Bogdan Buduroiu (@[email protected])

Sources: - https://www.nature.com/articles/s41586-021-04086-x - https://www.nature.com/articles/s41586-023-06004-9 - https://www.nature.com/articles/s41586-022-05172-4 - https://www.nature.com/articles/s41586-025-08628-5

Hachyderm.io

Show thread

Nelson Lopez 16h ago

@budududuroiu

Benefits like which? Only one of those publications even mentions LLMs and it is for a very specific usecase.
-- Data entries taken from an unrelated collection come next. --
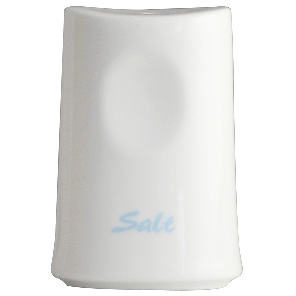 持ちやすい凹みのある塩入れです(『Salt』の表記あり)。
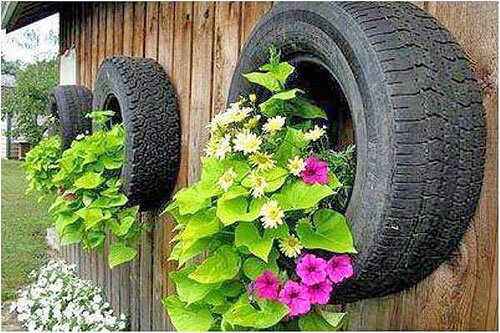 Из шин можно создать подвесные кашпо, которые украсят стену любого помещения (дома, летней кухни, душа) в виде висячих клумб. Для этого нужно всего лишь выбрать достаточно легкие небольшие покрышки и покрасить их в цвет, гармонирующий с общим оформлением участка. Развесьте их на стене. Для этого вполне достаточно вбить в последнюю пару крепких гвоздей. Заполните дно подвешенных вазонов (т. е. полость покрышек в нижней части) землей и высадите цветы. Для этих целей отлично подойдут вьющиеся сорта петуний или непривередливые бархатцы, которые будут выделяться на фоне здания. Если же вы не хотите вешать покрышки на стену, но у вас есть желание сделать более традиционное кашпо, покрышки вам все равно пригодятся. Разрежьте шину пополам, покрасьте в яркий цвет и пробейте на ее краях по паре отверстий с каждой стороны. В эти отверстия протяните прочный шнур и сделайте подвес. Такая подвесная цветочница ничуть не хуже любой покупной, а способ ее оформления зависит только от вас!
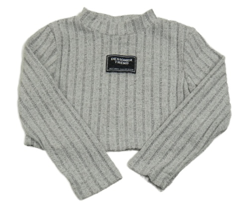 Šedé úpletové žebrované crop triko s nášivkou Shein
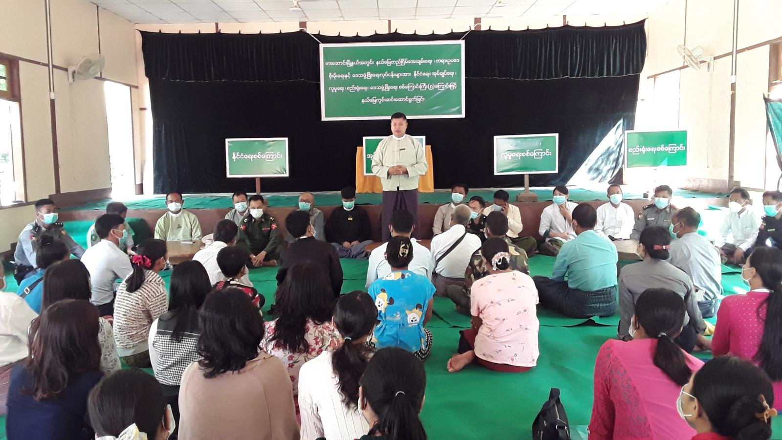 ထို့နောက် မြို့နယ်စီမံအုပ်ချုပ်ရေးအဖွဲ့ဥက္ကဋ္ဌနှင့် အဖွဲ့ဝင်များ၊ ဌာနဆိုင်ရာများက တောင်ပေါ်ကျေးရွာရှိ ခန်းမဆောင်၌ ဒေသခံပြည်သူများနှင့် တွေ့ဆုံခဲ့ရာ မြို့နယ်စီမံအုပ်ချုပ်ရေးအဖွဲ့ဥက္ကဋ္ဌမှ ဒေသခံပြည်သူများအတွက် ရပ်ရွာအေးချမ်းသာယာရေး၊ တရားဥပဒေစိုးမိုးရေး၊ လုံခြုံရေး၊ ပညာရေး၊ ကျန်းမာရေး၊ စီးပွားရေး၊ လူမှုရေး၊ မွေးမြူရေး၊ လယ်ယာစိုက်ပျိုးလုပ်ငန်း ဖွံ့ဖြိုးတိုးတက်ရေး၊ ကိုဗစ်-၁၉ ကာကွယ်ဆေး အကြိမ်ပြည့်ထိုးနှံရေး၊ လမ်းပန်းဆက်သွယ်ရေးကောင်းမွန်စေရေးနှင့် ပတ်သက်၍ ယခုလိုလာရောက် တွေ့ဆုံကွင်းဆင်း၍ ဆောင်ရွက်ပေးရခြင်းဖြစ်ကြောင်း ပြောကြားခဲ့ပြီး၊ အဖွဲ့ဝင် ဗိုလ်မှူး စင်အောင်သူငြိမ်းမှ ဒေသခံပြည်သူများ စည်းလုံးညီညွှတ်မှုရှိမှ မိမိရပ်ရွာအေးချမ်းသာယာ ဖွံ့ဖြိုးတိုးတက်မည်ဖြစ်ကြောင်း၊ သက်ဆိုင်ရာစစ်ကြောင်းကြီး (၅)ကြောင်းမှ ဌာနဆိုင်ရာ အသီးသီးကလည်း မိမိတို့ဌာနများအနေဖြင့် ဒေသဖွံ့ဖြိုးလုပ်ငန်းဆိုင်ရာများအား ကဏ္ဍအလိုက် ဆောင်ရွက်ပေးနေမှုများကို လည်းကောင်း ရှင်းလင်းပြောကြားခဲ့ကြောင်းနှင့် မြေပြင်ကွင်းဆင်းဆောင်ရွက်ခြင်းများကိုလည်း ဆောင်ရွက်ပေးခဲ့ကြောင်း သိရသည်။
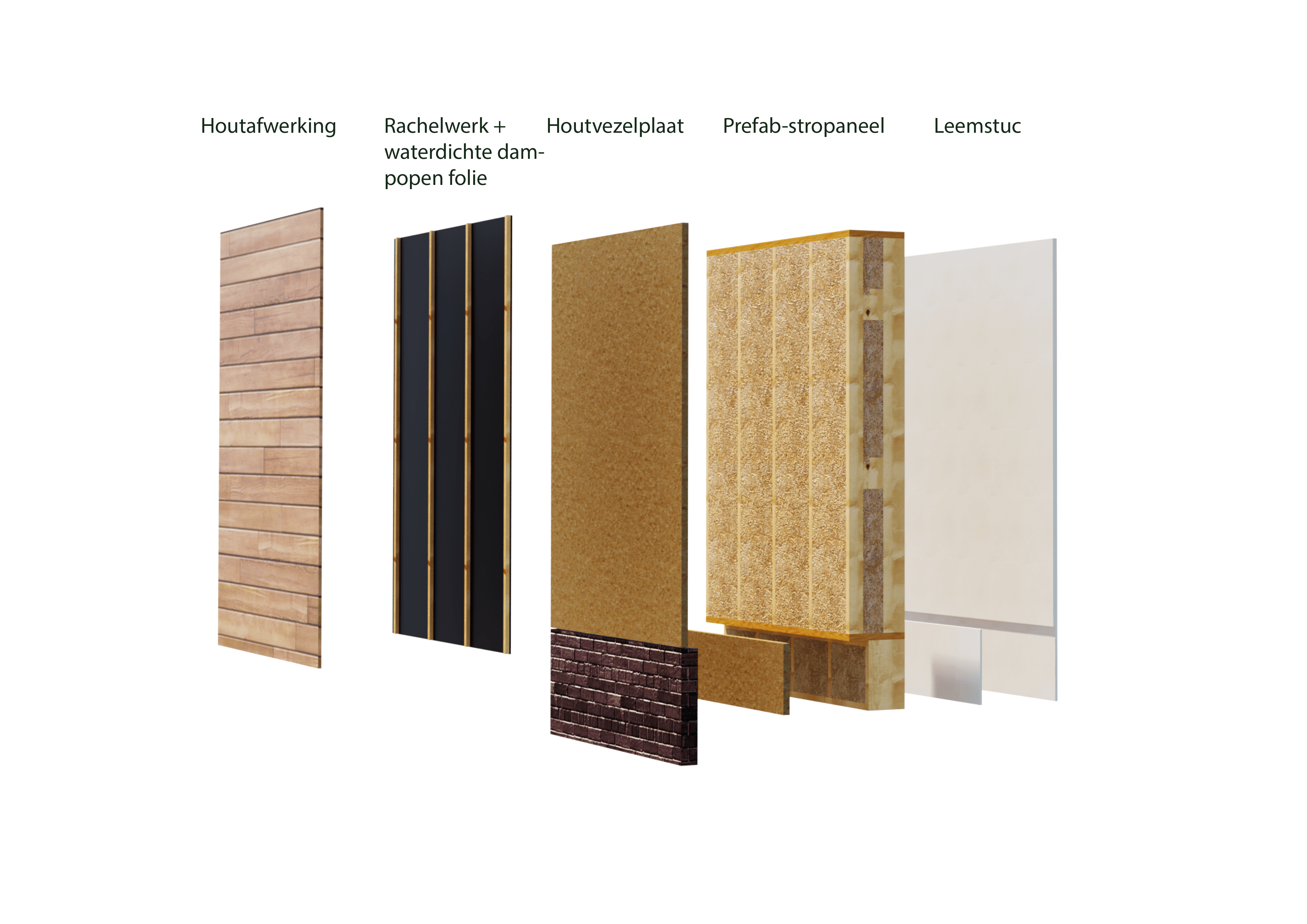 Aan de buitenzijde zorgt een 40 mm messing-en-groef houtvezelplaat voor extra isolatie en winddichting. Afwerking kan met hout, kalkstuc, metselwerk of vliesgevelconstructies, waardoor prefab stropanelen flexibel inzetbaar zijn in diverse ontwerpen.
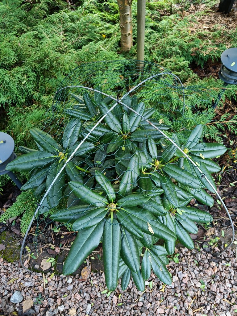 Uskon ja toivon, että suojaukseni toimii myös tänä talvena ja uusimmatkin alppiruusut ’Caroline Allbrook’ ja ’Fantastica’ saavat keväällä jatkaa kasvuaan hyväkuntoisina.
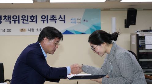 30일 한대회 경기 군포시장이 ‘청년정책위원회’를 발족하고 발촉하고 위촉장을 수여하고 있다.
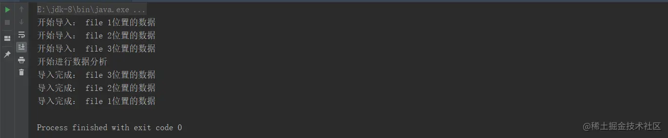 我们创建了 CyclicBarrier 对象并且设置了阻塞的线程数和子线程,当我们的三个测试线程都被阻塞后,执行子线程,并且被阻塞的线程数达到了最大阻塞个数,全部放行。
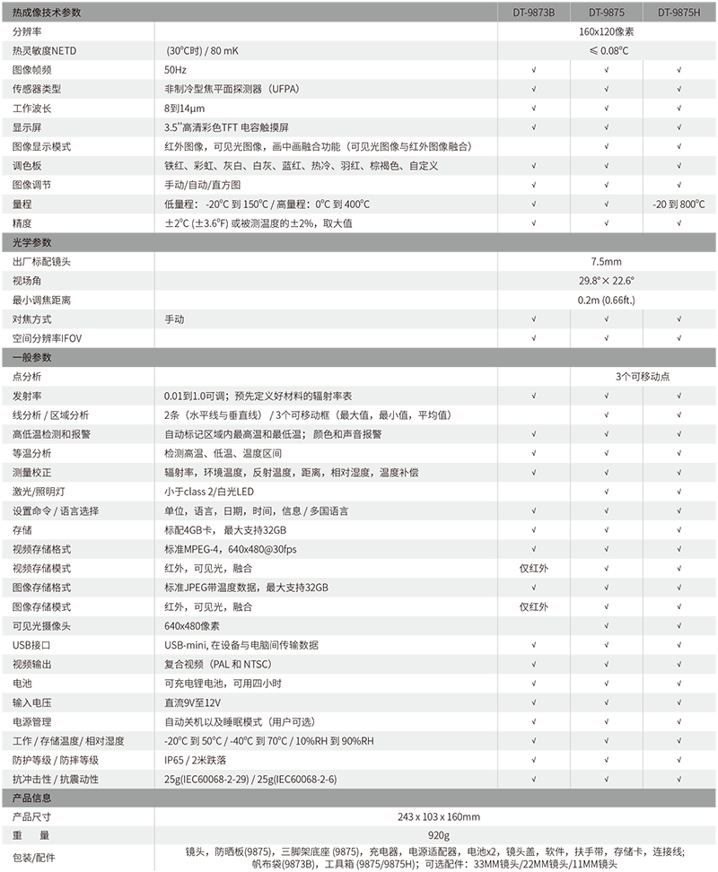 1.-20~400℃寬量程和高精確度, -20~800℃(DT-9875H)
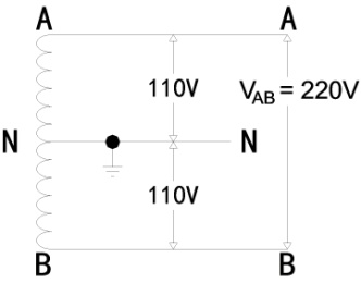 一組線圈,中間抽頭,自兩端及連接的中點,拉出三條線(A、B、N)或(L1、L2、N)。
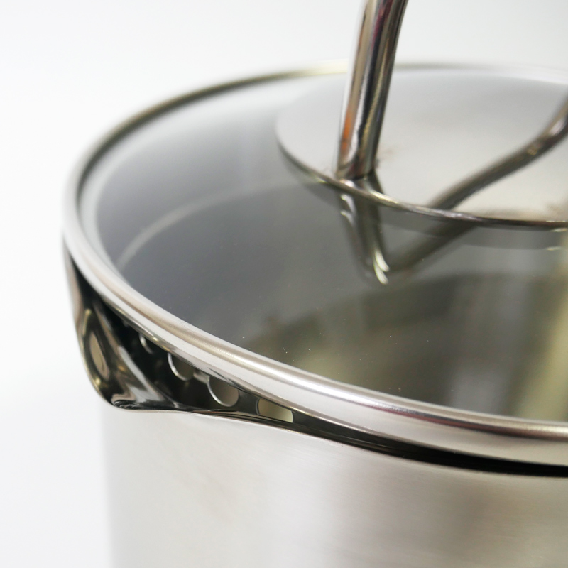 ふたに湯切り穴が付いているので、パスタなど麺類の調理や野菜の下茹での際、ざるやボウルを使用しないで調理ができ便利です。
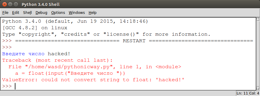 Если пользователь введет информацию, которую мы от него ожидаем, то все сработает как нужно.
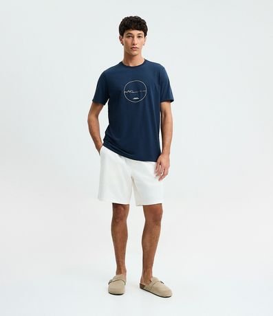 Ref: Camiseta regular em algodão com estampa geométrica de montanha no centro do peito. Possui gola redonda, mangas curtas e toque macio, ideal para compor looks casuais do dia a dia. Peça confortável e versátil, confeccionado em algodão de certificado BCI.
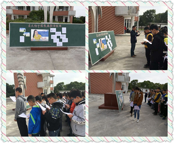 10 月23日上午9点,吉庆初中全体师生集中在鲜艳的国旗下,共同学习了《遏制结核健康和谐》的宣传单,了解了结核病防治的注意事项。跟以往一样,伴随着庄严的国歌奏响,五星红旗冉冉升起。紧接着,由八(1)班张涵同学作了有关结核病防治的演讲,而后由政教处姜主任发放结核病的预防资料,并带领大家共同学习了《遏制结核健康和谐》的宣传单。然后引导学生分班参观《吉庆初中结核病防治宣传》海报,让每一位同学均有所收获。最后,由姜主任作本次活动的总结,并对所有学生提出要求,要求所有参与的同学将自己的收获分享给父母或同伴。

Most of what I've seen in the science world, when it comes to the specific usecase of LLMs, has been a series of unfortunate moments on which several recent science papers were entirely hallucinated by LLMs.

It seems like this technology just is not worth it, at least not right now, as it has led to much more pain than it has led to an actual advancement in the way people interact with information and research topics, being primarily usable as a form of cheap, junk food-esque content which is hard to verify, hard to discern from regular human-made content, and produced by a system which is inherently not good at being accurate.

I really do not have the energy to continue this conversation, but you do seem like the type to throw links pointing at the vague idea of progress and science, without actually understanding the actual social, economic and structural problems with the technology at hand. Doesn't matter if the nuclear bomb is made with "ethically sourced plutonium" instead of crushed up kittens, if you're going to use it primarily for worsening, and possibly ending, people's lives.

Artificial intelligence research has a slop problem, academics say: ‘It’s a mess’

AI research in question as author claims to have written over 100 papers on AI that one expert calls a ‘disaster’

The Guardian

Show thread

Bogdan Buduroiu 15h ago

@nelson You're conflating what I'm talking about with papers written by AI, anyways, I thought you were genuinely curious, my mistake I guess. Have a good one.

Show thread

Nelson Lopez 15h ago

@budududuroiu i was, 8 years ago when I used BlenderBot on Google Collab, not anymore.